▶ Aim of the task: The data below holds a line containing "手壓旋轉拖把 獨家滾刷汙水分離 台灣免運" and a line containing "The pair is"; please quote exactly those two lines and every line between them, and nothing else.

▶ Available records:
---*---
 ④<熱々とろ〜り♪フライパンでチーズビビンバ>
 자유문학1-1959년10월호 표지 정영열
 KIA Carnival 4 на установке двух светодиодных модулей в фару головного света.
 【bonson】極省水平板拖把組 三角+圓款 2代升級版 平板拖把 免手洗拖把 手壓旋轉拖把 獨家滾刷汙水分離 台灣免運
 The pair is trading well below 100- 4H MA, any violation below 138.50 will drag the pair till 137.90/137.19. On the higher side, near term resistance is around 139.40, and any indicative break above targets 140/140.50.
---*---
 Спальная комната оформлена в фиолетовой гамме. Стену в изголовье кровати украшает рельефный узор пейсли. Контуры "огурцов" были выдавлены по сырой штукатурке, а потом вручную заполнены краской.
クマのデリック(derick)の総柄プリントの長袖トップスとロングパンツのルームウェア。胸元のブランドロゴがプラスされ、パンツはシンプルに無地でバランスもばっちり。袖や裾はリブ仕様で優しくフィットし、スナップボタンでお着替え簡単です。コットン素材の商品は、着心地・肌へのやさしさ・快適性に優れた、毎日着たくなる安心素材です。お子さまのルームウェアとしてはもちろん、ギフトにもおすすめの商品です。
---*---
▶ Answer to this exercise:
 【bonson】極省水平板拖把組 三角+圓款 2代升級版 平板拖把 免手洗拖把 手壓旋轉拖把 獨家滾刷汙水分離 台灣免運
 The pair is trading well below 100- 4H MA, any violation below 138.50 will drag the pair till 137.90/137.19. On the higher side, near term resistance is around 139.40, and any indicative break above targets 140/140.50.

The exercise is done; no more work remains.